Miranda is a vocal Obama supporter, and has used his contemporary retelling of the nation’s birth to comment on 2015 issues, especially immigration, from a left-of-center viewpoint. As a son of Puerto Rican immigrants, Miranda identifies with the Caribbean-born Hamilton as well as the revolutionary Frenchman Marquis de Lafayette. At one point, the two characters proclaim, “Immigrants. We get the job done.”

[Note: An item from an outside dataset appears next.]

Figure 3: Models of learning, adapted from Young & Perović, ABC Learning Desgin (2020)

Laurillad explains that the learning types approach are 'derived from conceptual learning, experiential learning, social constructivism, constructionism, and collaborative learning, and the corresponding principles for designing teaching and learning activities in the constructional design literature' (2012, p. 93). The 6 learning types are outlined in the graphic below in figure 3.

The show’s auteur explained the way he used the story of the immigrants who helped create America to contribute to today’s national conversation in The Atlantic:

“Immigrants have been present and necessary since the founding of our country. I think it’s also a nice reminder that any fight we’re having right now, politically, we already had it 200-some odd years ago. The fights that I wrote between me and Jefferson, you could put them in the mouths of candidates on MSNBC. They’re about foreign relations; they’re about states’ rights versus national rights; they’re about debt. These are all conversations we’re still having, and I think it’s a comfort to know that they’re just a part of the more perfect union we’re always working towards, or try to work towards, and that we’re always working on them.”

Those aren’t the words of a resentful rabble-rouser “occupying” the offices of university officials to demand a former chief executive’s legacy be extinguished. Instead, Miranda constructively engages with our nation’s past, and his ideas (many of which I disagree with) become all the stronger thereby.

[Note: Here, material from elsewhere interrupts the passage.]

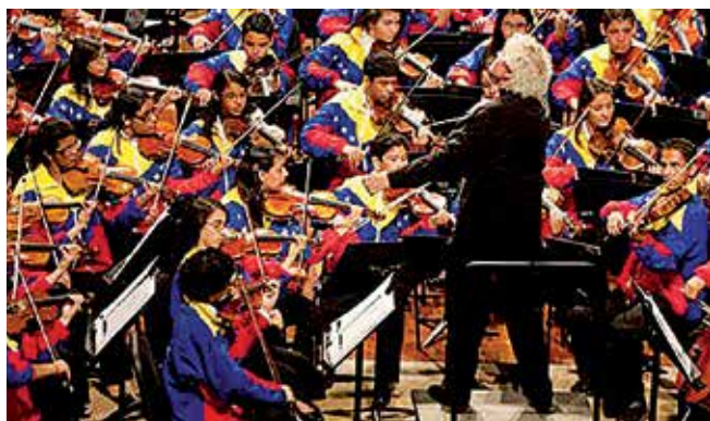
Simon Rattle mit dem National Children's Symphony Orchestra of Venezuela

When the National Children's Symphony Orchestra was initiated in 2010 by José Antonio Abreu, Simon Rattle took the podium himself and conducted the first-ever concert of the new Venezuelan children's orchestra at the Aula Magna of the University of Caracas. 377 children between the ages of eight and 13 played works by Gershwin, Fauré and Ginastera with great passion and musical seriousness. The fact that this young ensemble also dared to play Mahler's Symphony No 1, however, astonished all those present – and was rewarded with standing ovations. This summer, the National Children's Symphony Orchestra embarks upon its first tour abroad, following the invitation of the Salzburg Festival – but “only” with about 250 members. And once again, it will be Simon Rattle who conducts the children's orchestra in its international debut. However, some of the children will be different from three years ago,

How could members of Princeton’s Black Justice League take a Hamilton approach to President Wilson’s place of honor on their campus? They wouldn’t have to ignore his segregationist views and discriminatory policies. Hamilton’s Jefferson character is one of the show’s antagonists – though he’s not entirely a villain (villainy in the show is reserved for the buffoonish George III).

First, protesters could recognize that much of what Wilson did ultimately benefited African-Americans. Wilson fought for the 8-hour day and other protections for workers, supported women’s suffrage, and worked to spread democracy worldwide. He fostered the growth of moderate unions and was an aggressive opponent of the trusts that limited consumer choice and kept prices high.

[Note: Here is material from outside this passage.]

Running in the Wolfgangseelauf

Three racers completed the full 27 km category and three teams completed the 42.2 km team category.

Not all these policies had immediate benefit for blacks – but the same is true of the American Revolution. Echoing Miranda, the Princeton activists could choose the aspects of Wilson’s legacy that match their contemporary public policy preferences and build on them.

How about a teach-in about President Wilson, looking at aspects of his legacy that inform public policy today? Surely members of the Black Justice League agree with at least some of Wilson’s progressive agenda. They could also look to harmonize the biographies, ideas, and policies of Wilson with today’s African-American president.

The protesters have been complaining about campus portraits and murals of Wilson. They could, echoing Hamilton, paint their own but make him look African-American.

I haven’t had a lot of sympathy for recent racial unrest on campus, particularly since universities are among the most diversity-friendly locales in America. I’d be a lot more inclined to listen to the concerns of students of color if they used the Hamilton model of expressing their vision of campus and national life through the lens of heroes from American history, including those whose racial attitudes we reject today.

Please, don’t banish President Wilson. Reclaim him, with pride in our nation’s past and a sunny outlook about our future.

Here’s Miranda, in the Hollywood Reporter: “My feelings about what this country is and can be are all in this show. When Eliza Hamilton sings, ‘Look around at how lucky we are to be alive right now,’ that’s true. I say that to myself every day.”